Юрка вошел в комнату, посмотрел в зеркало. Левый глаз заплыл багровым кровоподтеком, надбровье вздулось бугром, от него через скулу и щеку тянулась засохшая кровяная корка. Юрка не испугался, только его снова затошнило, и он поспешно отвернулся от зеркала.
– Слей, – сказал он Славке.
Славка торопливо подтащил к тазу ведро, зачерпнул кружкой воды. Стоять наклонившись было больно, в ране дергало все сильней и сильней, снова начало мутить, но Юрка перемогался и плескал в лицо водой, пока кровяная корка не отмылась. Глаз заплыл совсем, открыть веки можно было только пальцами. Юрка кое-как обтер лицо.
– Спать будем, ага? – спросил Славка.

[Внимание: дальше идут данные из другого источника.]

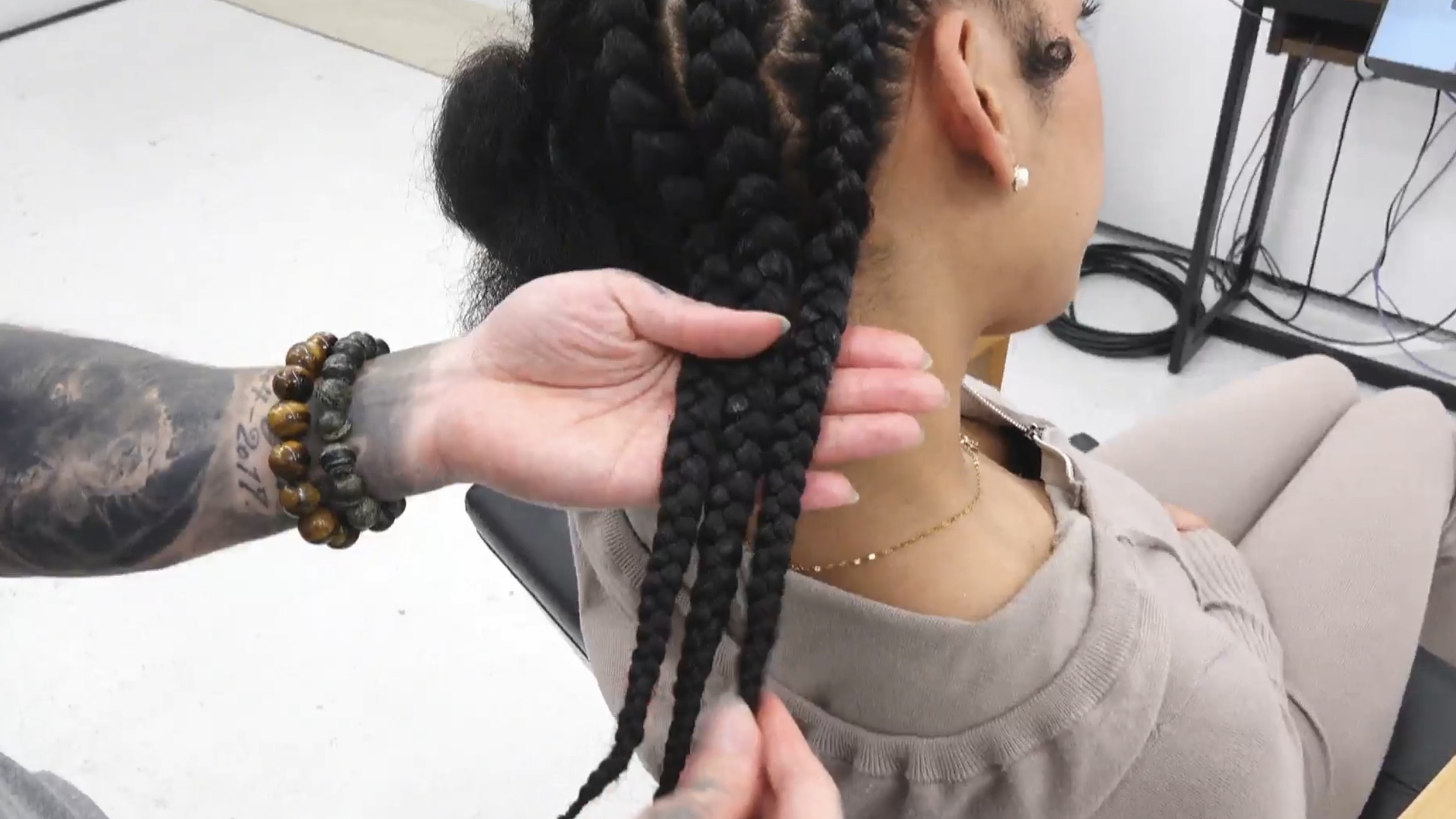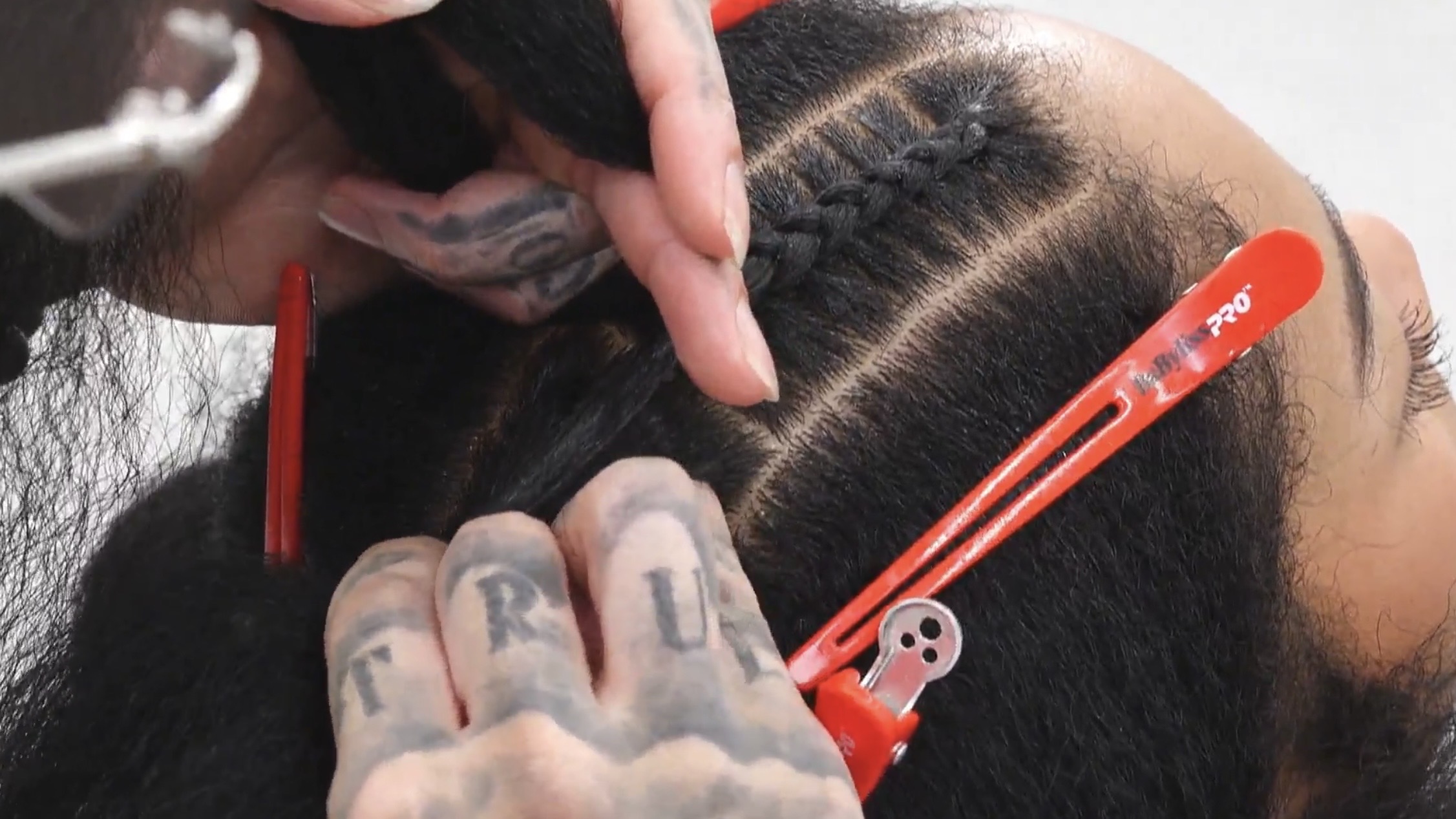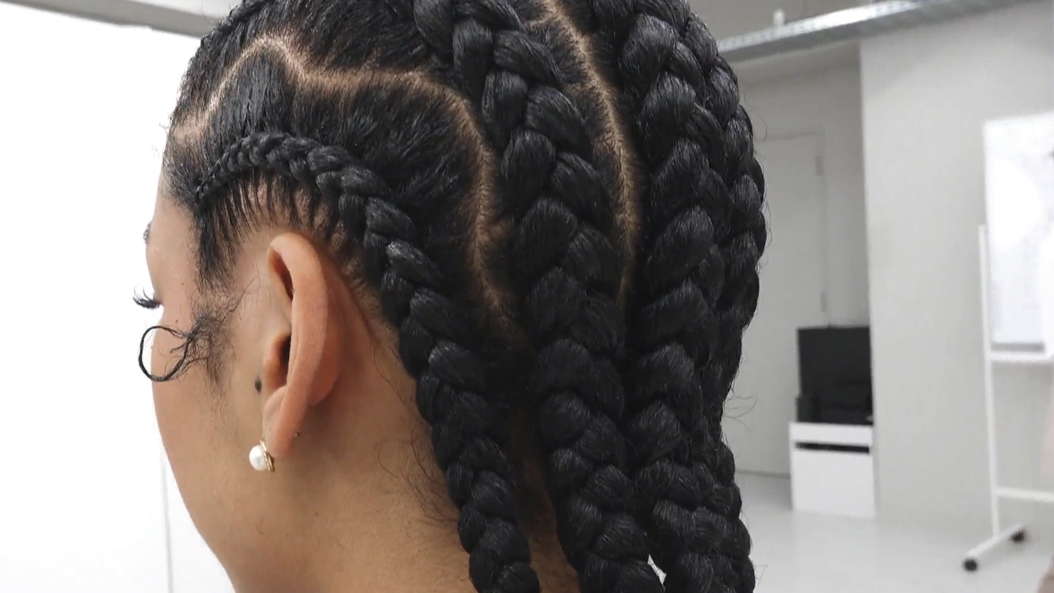 ・通常の編み込みからプロのようなコーンロウに仕上げるまでの全工程

Он понял, что сейчас Юрка ни о чем не расскажет.
Юрка посмотрел на железную койку, развороченную постель, в которой они спали вместе со Славкой. Напротив стояла кровать папки и мамки. Он отчетливо увидел, как все было уже много раз, как будет и теперь: мамка приведет упирающегося отца и станет укладывать его спать, а он будет хорохориться, обзывать ее всякими словами, а мамка его тоже, он полезет драться, и она даст ему сдачи, потом они помирятся и лягут вместе спать, а может, и не помирятся, просто папка свалится и захрапит… Юрка скрипнул зубами и пошел к двери.
– Куда ты? – спросил Славка.
– А твое какое дело? – закричал Юрка. – И не ходи за мной, а то как дам!..
Он со злостью захлопнул дверь, постоял на крыльце, пока привыкнут глаза. Свет у деда уже погас, над переправой стояло холодное синеватое зарево, по дороге ползла цепочка спаренных светляков – там шли машины. Под тентом спокойно и ровно горел свет, светилась и оранжевая краюшка палатки. Значит, Юливанна лежит и читает, она всегда читает при электрическом фонарике, а Виталий Сергеевич сидит за столом. Пойти к ним? Начнут спрашивать да расспрашивать, а ему и без того тошно…
Он вышел за ограду к бугру. Жучка попросилась с ним, даже заскулила, но он ее не отвязал. Под ногами глухо брякнули железяки, зашуршал овсюг. Дочка встревожено фыркнула, вскинула голову, потом опять захрупала свежескошенной травой – дед с вечера обязательно оставлял ей целый ворох. Негромко шумело невидимое в темноте море – затихало под ночным бризом. Стог жарко пахнул разогретой за день соломой и мышами. Юрка лег и привалился к стогу…
Его разбудили голоса. Во дворе кричали то разом, то по очереди папка и мамка – звали его.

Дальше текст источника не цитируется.